YOSHITOMO NARA AT PACE/MACGILL
There’s always something magical at Pace/MacGill Gallery in NYC. Behold ヅ 奈良 美 智!
‘All things must pass, but nothing is lost / precious days around me, sometimes farther along, sometimes under my feet.’
Yoshitomo Nara – Pace/MacGill NYC’s work has always stood apart for its one-at-a-time perfection, epic coolness, philosophical depth, ironic edge, and a fixation with traditional artistic values. Hailing from Hirosaki, Japan, Yoshitomo-san specializes in printmaking, painting, sculpture and ceramics with a tilt toward psychology, sociology and world affairs. His art is chock-full of fun fervor, arousing phenomenology and diverse graphic gusto. Mashing up East and West with realism, idealism, spiritualism and intriguing weirdness, he mines the space between macro and micro, real and imaginary, global and local.
Yoshitomo-san has set up an unexpected but scintillating showcase of personal photographs and tricked out snaps. Intimate, self-referential, stupefying and sublime, the multimedia artist lets us see through his peripatetic lens, providing pictorial meditations of far-flung vignettes that add up to way more than the sum of their parts.
This exhibit is a sort of autobiographical composite of his work – a cumulative mosaic/artistic odyssey imbued with inspirations, impressions, people, places, textures, tastes, cartoons, stills, rural life, youth culture, drawings and portraits in places like northern China, his native Japan, rustic Russia and everywhere else.

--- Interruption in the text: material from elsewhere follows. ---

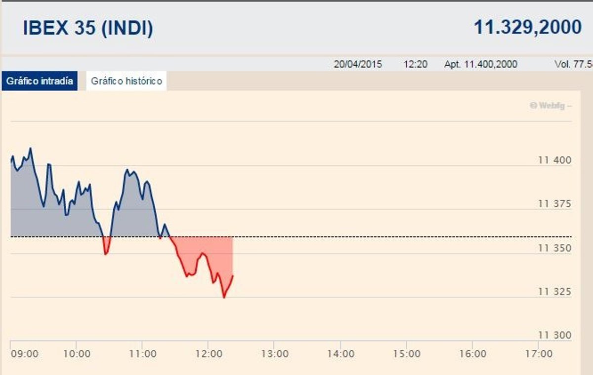 El Ibex 35 cedía un 0,23% en la media sesión de este lunes, lo que llevaba al selectivo a alejarse de los 11.400 enteros (11.333,2) por el temor a la evolución de las negociaciones sobre Grecia.

There are countless combos of cool photos, magical montage, neo-expressionism, gypsy spirits, roving nomads and kitschiness mixed with a Japanese twist and the ’s worldly wit. We love his technicolored transitions that take you from real to surreal and then back again; his wide-ranging panoramas that conjure Wes Anderson-like alt-folk aesthetics and, of course, his sinister-cute pastel-hued emo Pop art that is charged with existential angst and human yearning.